Yetkililere ve sorumlu vatandaşlara düşen görev, çirkin ve plansız yapılaşmaya izin vermemesidir.
Yeşil katliamı devam eder, çevre kirliliğine göz yumulur ise, özlediğimiz ve sevdiğimiz bu güzel ilçeye yazık olur.
İlçenin tarım alanları ve miraslı toprakların çıkar gurupları arasında el değiştirdiğine dair duyumlar alıyoruz.
Öyle olursa ne olur? İlçemiz betona teslim olur.
“Yaşanılan alan ile bütünleşememe”, “ aidiyet duymama”, “ sorunlarına duyarsız kalma” gibi duyguların gelişmesi bir ilçe için tehlike sinyalleridir.Farklı sosyal sınıflar ve hemşericilik üzerinden farklar derinleşirse kent kültürünü oluşturmanın imkânı yoktur.
O bakımdan Döşemealtı’nda yaşayan herkesi buralı görme gibi bir zorunluluk doğmaktadır.
Çünkü Döşemealtı, dar kalıplara sığacak küçük bir köy ya da bir Anadolu ilçesi görünümünden uzaklaşmıştır.
Bu ilçede yaşamayı bir ayrıcalık görerek, birlikte hizmet etmek veya hizmet verenlere katkı sunmak bizim görevimiz olmalıdır.Kendisini ilçenin bir parçası olarak görmeyen kuru kalabalıklar ile kent bilinci yerleşmez.
Sağlıklı büyümek gerekir.
Atalarımız nereli olursa olsun!Bizi barındıran, ekmek yediğimiz, su içtiğimiz, soluk aldığımız yeri yüceltmek ve geliştirmek zorundayız.

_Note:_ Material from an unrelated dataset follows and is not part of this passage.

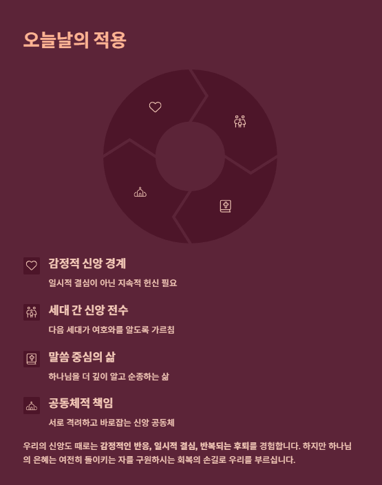 신앙은 세대 간 전수되어야 하며, 다음 세대가 여호와를 알지 못하는 비극을 반복하지 않도록,

Eğitim, sağlık, barınma, sosyal ve kültürel bakımdan eksiklikler var. Bunların tamamlanması için belirli bir süreç gerekir.
Belediyenin kısıtlı imkânları ile bunu sağlamak kısa vadede imkânsız gibi görünse de… Bu konudaki çabaları takdir etmek gerekir.
Sayın başkanın; estetikten uzak, saygıdan yoksun, kuru kalabalıkların birbirinden habersizce yaşadığı bir hengâme ilçeyi istemediğini biliyoruz.
Döşemealtı’nın dış dünya ile etkileşimini kesmeden, kendi kültür ve değerlerine sahip çıkarak, kaliteli yaşam alanları oluşturma çabalarını sürdürmesi gerektiğine inanıyorum.
Bu da “ortak akıl” ve “istişare” ile olur.
İlçenin ana sorunları konusunda fikirsel ve inanç farklılıklarını bırakıp bir araya gelme ve birlik olma kentli olmanın gereğidir.
Başkanın meslek bilgisi, bilgi birikimi ve herkesi kucaklayan anlayışı bunu gerçekleştirecek düzeydedir.
Bunu yaparsa başarı kendiliğinden gelir.